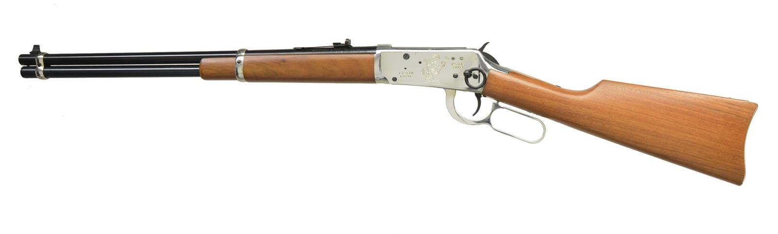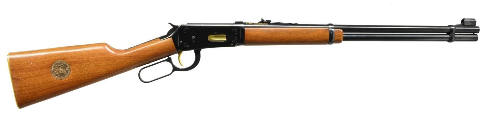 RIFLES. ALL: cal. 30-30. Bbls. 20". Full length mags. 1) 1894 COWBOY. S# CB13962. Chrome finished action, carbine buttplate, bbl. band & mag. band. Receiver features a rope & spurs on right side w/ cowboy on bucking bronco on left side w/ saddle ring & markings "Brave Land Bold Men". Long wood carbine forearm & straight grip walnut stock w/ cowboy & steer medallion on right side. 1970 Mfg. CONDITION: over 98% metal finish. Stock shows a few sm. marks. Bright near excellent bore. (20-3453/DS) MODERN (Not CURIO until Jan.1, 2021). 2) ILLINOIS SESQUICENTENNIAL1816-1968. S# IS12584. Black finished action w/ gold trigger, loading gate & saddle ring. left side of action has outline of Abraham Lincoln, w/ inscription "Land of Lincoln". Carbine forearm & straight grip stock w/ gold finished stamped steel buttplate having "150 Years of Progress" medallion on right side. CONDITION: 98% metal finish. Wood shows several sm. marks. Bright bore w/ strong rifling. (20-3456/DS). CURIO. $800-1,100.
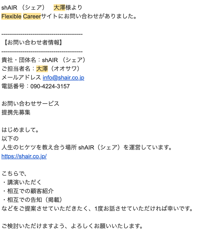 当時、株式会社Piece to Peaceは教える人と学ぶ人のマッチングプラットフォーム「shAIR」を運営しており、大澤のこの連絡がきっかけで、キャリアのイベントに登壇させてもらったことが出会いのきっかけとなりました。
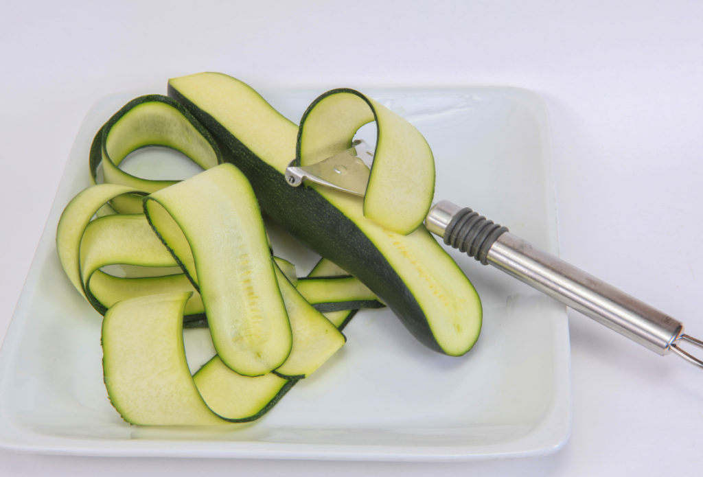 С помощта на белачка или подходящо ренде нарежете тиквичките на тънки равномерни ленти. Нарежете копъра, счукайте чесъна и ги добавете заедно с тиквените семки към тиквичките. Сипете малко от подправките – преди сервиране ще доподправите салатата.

==

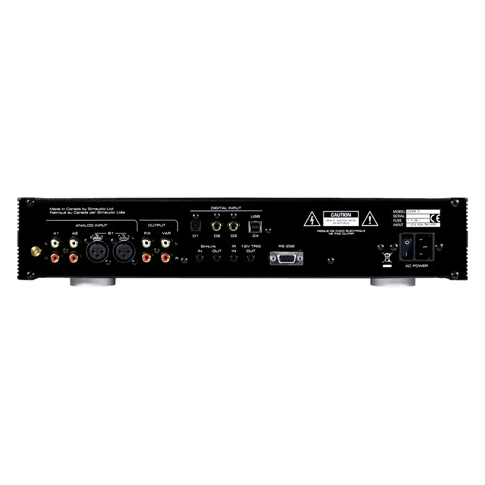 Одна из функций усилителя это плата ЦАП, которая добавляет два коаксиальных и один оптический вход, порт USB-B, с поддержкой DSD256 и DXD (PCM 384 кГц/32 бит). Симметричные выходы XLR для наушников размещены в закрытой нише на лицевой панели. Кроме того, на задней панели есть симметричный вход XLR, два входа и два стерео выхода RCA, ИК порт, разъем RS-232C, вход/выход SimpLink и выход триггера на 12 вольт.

--

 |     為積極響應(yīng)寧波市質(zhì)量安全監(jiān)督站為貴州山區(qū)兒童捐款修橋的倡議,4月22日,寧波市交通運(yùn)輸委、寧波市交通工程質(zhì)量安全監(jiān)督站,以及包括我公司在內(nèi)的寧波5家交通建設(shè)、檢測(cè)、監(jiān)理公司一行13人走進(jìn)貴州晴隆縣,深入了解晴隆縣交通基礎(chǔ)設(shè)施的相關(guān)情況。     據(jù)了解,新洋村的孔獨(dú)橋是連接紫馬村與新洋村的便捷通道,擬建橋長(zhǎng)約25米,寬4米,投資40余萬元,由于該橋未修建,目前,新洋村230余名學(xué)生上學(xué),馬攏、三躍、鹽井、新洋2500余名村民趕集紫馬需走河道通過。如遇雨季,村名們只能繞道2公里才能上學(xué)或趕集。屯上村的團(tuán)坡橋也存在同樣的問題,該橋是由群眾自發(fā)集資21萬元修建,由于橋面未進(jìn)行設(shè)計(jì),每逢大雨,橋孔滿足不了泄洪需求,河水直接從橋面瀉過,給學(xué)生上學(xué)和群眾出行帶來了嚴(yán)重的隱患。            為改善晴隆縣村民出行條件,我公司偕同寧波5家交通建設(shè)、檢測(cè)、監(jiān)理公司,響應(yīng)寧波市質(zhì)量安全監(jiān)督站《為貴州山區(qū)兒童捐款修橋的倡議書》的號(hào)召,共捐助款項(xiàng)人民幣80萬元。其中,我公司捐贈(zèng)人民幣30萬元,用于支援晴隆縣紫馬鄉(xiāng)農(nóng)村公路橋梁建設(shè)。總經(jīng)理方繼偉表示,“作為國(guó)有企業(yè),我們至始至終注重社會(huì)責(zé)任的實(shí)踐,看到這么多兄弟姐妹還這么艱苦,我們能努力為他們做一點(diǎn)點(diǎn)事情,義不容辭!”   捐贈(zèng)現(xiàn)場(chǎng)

== What is needed ==
In the records above, find the line with "RIFLES. ALL: cal.". Print exactly from there through the line with "С помощта на", minus the pictures.

== Answer to this task ==
 RIFLES. ALL: cal. 30-30. Bbls. 20". Full length mags. 1) 1894 COWBOY. S# CB13962. Chrome finished action, carbine buttplate, bbl. band & mag. band. Receiver features a rope & spurs on right side w/ cowboy on bucking bronco on left side w/ saddle ring & markings "Brave Land Bold Men". Long wood carbine forearm & straight grip walnut stock w/ cowboy & steer medallion on right side. 1970 Mfg. CONDITION: over 98% metal finish. Stock shows a few sm. marks. Bright near excellent bore. (20-3453/DS) MODERN (Not CURIO until Jan.1, 2021). 2) ILLINOIS SESQUICENTENNIAL1816-1968. S# IS12584. Black finished action w/ gold trigger, loading gate & saddle ring. left side of action has outline of Abraham Lincoln, w/ inscription "Land of Lincoln". Carbine forearm & straight grip stock w/ gold finished stamped steel buttplate having "150 Years of Progress" medallion on right side. CONDITION: 98% metal finish. Wood shows several sm. marks. Bright bore w/ strong rifling. (20-3456/DS). CURIO. $800-1,100.
 当時、株式会社Piece to Peaceは教える人と学ぶ人のマッチングプラットフォーム「shAIR」を運営しており、大澤のこの連絡がきっかけで、キャリアのイベントに登壇させてもらったことが出会いのきっかけとなりました。
 С помощта на белачка или подходящо ренде нарежете тиквичките на тънки равномерни ленти. Нарежете копъра, счукайте чесъна и ги добавете заедно с тиквените семки към тиквичките. Сипете малко от подправките – преди сервиране ще доподправите салатата.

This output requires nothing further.